What is a polyamorous relationship?
The traditional belief is that every person should seek a single soulmate and they should commit to that person completely. There are people who don’t believe that a single individual can fulfill all their needs in a relationship, so they prefer having many partners.
Polyamory, or consensual nonmonogamy, is the practice of having multiple intimate relationships with the full knowledge and consent of all the parties involved. It is not gender-specific. Anyone can have multiple partners of any gender. Polyamorous relationships require consent, open-mindedness, immense trust, communication skills, clear boundaries, and mutual respect, without feelings of jealously, to work in the long run.
Numerous studies conducted in the United States have reported that about four to eight percent of the population are in polyamorous relationships.

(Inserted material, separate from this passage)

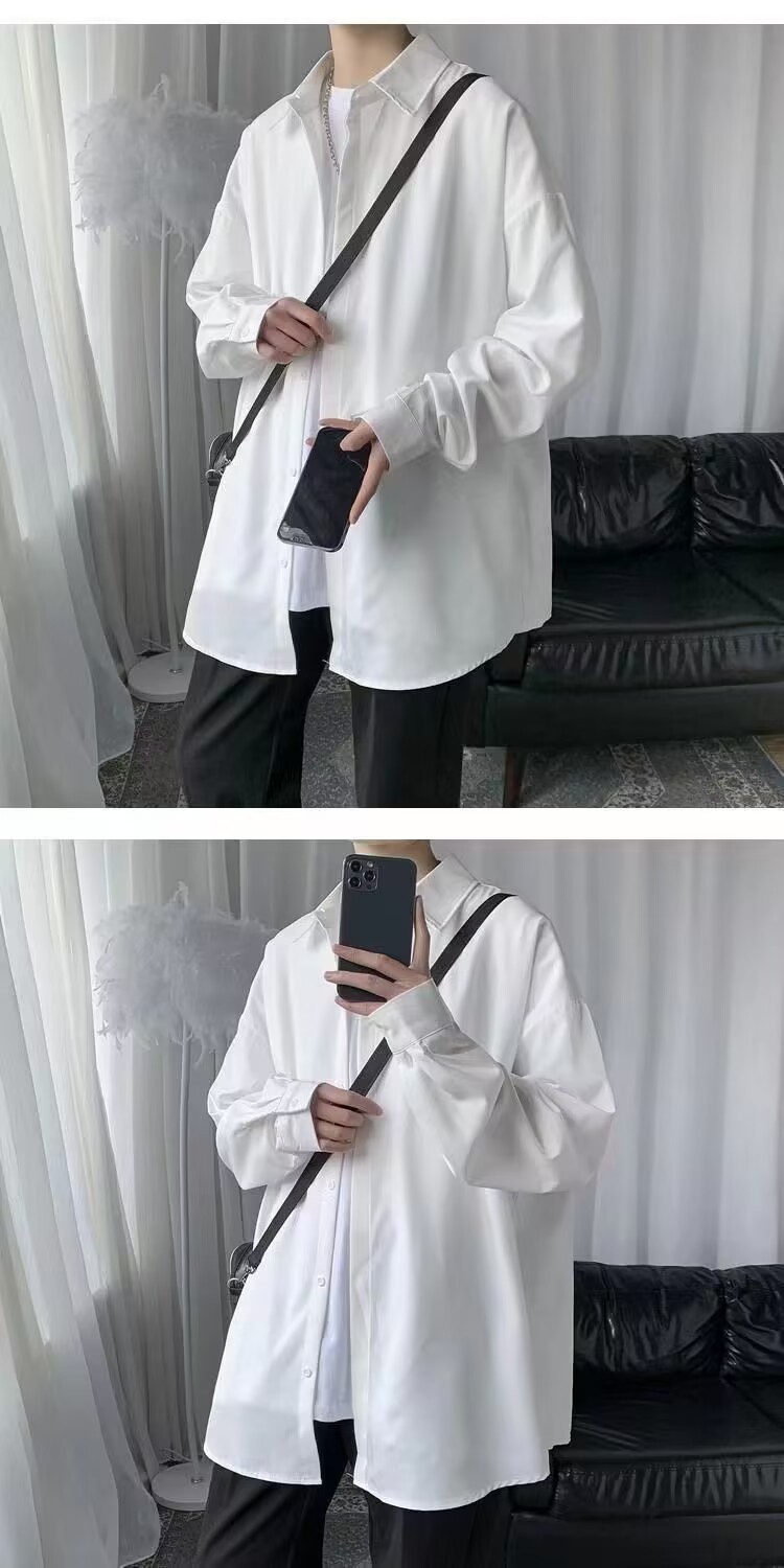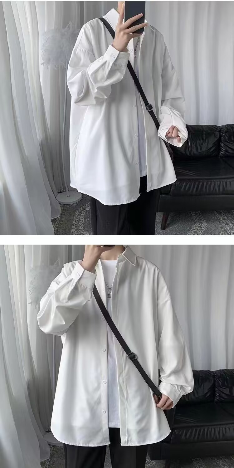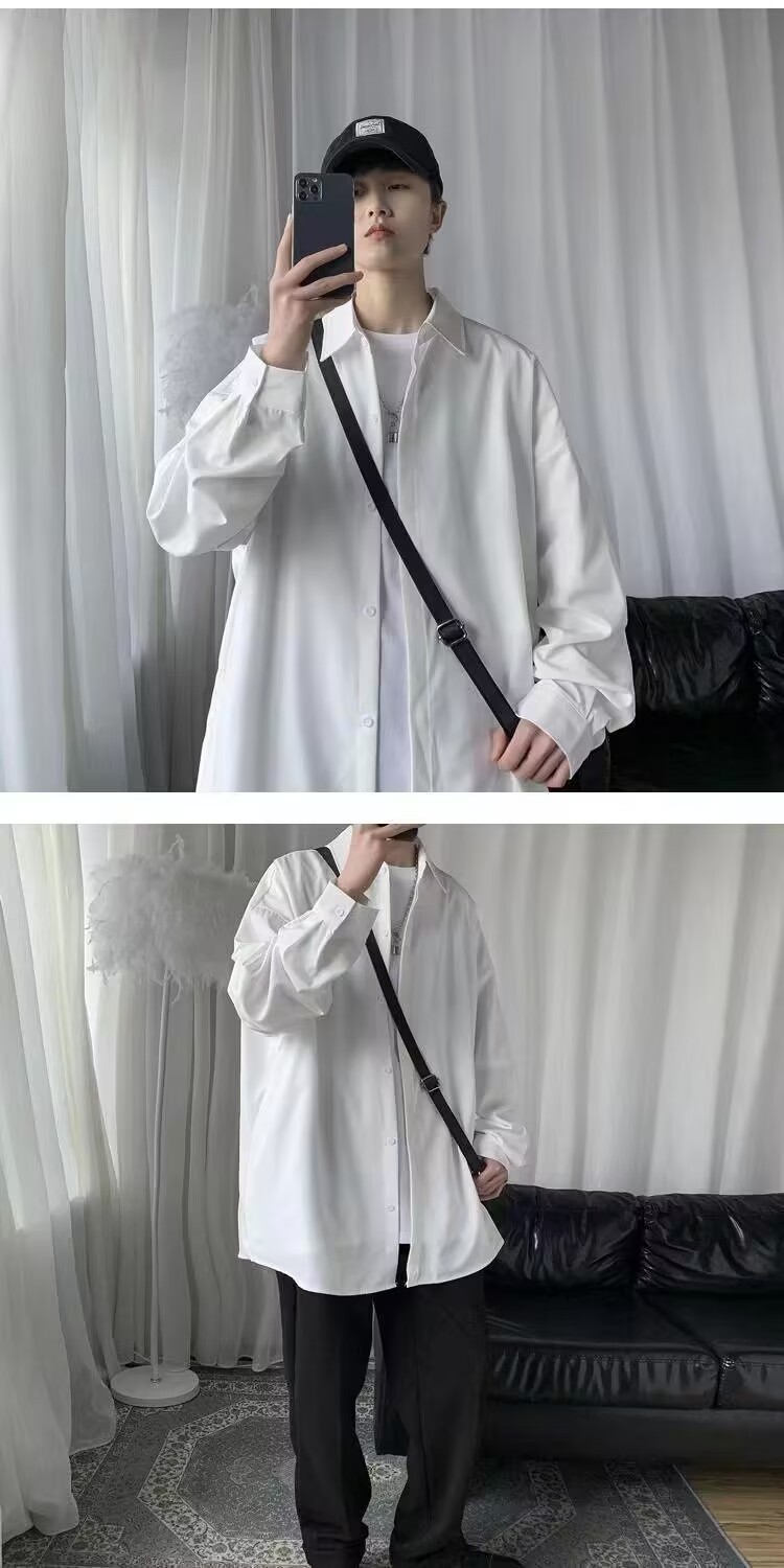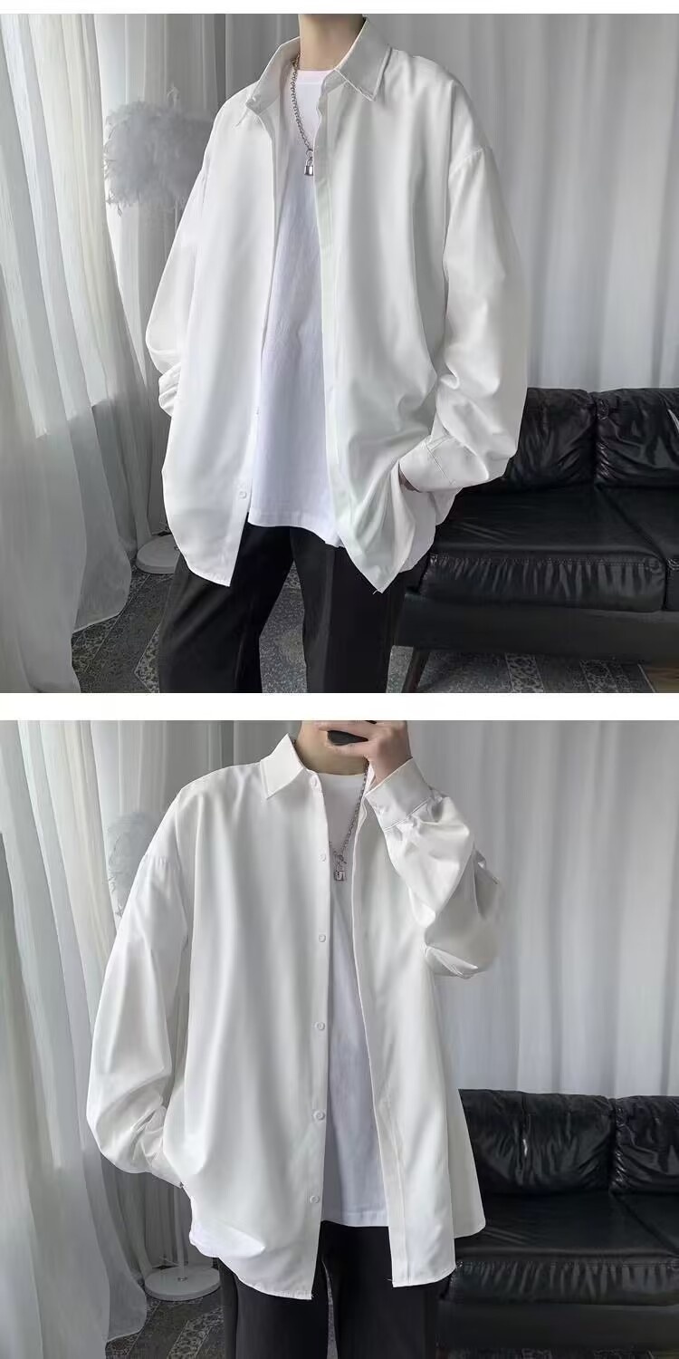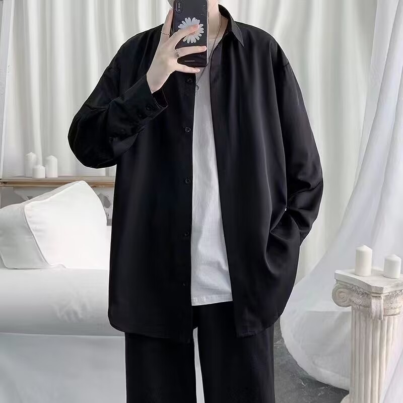 여름 긴 소매 아이스 실크 셔츠 남자의 한국 스타일 느슨한 얇은 셔츠 유행 새로운 스타일 더피 슈아이 잘 생긴 재킷 캐주얼스토어 가기

Polyamory differs from other types of open relationships such as swinging (couples having casual sex outside of the relationship, without being emotionally attached). Polyamory may often be confused with polygamy. Polygamy is being married to more than one person at the same time, whereas polyamory involves both married partners having the freedom to have relationships outside their primary relationship. Polyamorous relationships are not illegal, but polygamy is illegal in many parts of the world, including the United States.
Polyamorous relationships face a social stigma. Hence, it is often practiced privately and maybe kept a secret even from close friends and family out of fear of being judged. Polyamory is not a sexual orientation, but more of a lifestyle choice. Numerous studies have reported that individuals in polyamorous relationships have more chances of practicing safe sex and get tested more frequently for sexually transmitted infections (STIs) and human immunodeficiency virus (HIV).
Some polyamorous people have a primary relationship and engage in casual relationships with others with consent from the other partner. Some may introduce a secondary partner that requires the primary couple to agree on a set of rules, such as date times and the type of intimacy allowed. Some relationships start off as being polyamorous, whereas others may become polyamorous after being together for a while. Each couple may have their own set of rules. However, if one partner wants a polyamorous relationship and the other does not, it could be threatening to the relationship.
Polyamorous relationships definitely benefit from regular counseling sessions to cope with feelings of jealousy and anxiety, which may surface in the long run. The couple may start off being polyamorous but may want to change the parameters of the relationship and this is okay.
How does a polyamorous relationship work?
The reason why polyamorous relationships are not very common is that they do not follow the traditional social, cultural, or religious construct of relationships. Polyamorous relationships work for people who may travel a lot for work, have long-distance marriages, and do not wish to cheat on their partner.
The concept of “cheating” does not exist in polyamorous relationships because both of the parties involved are required to be completely honest about their other relationships.
Ultimately, being in a polyamorous relationship comes down to the people involved in the relationship. It may work for some people, but it requires being open and transparent.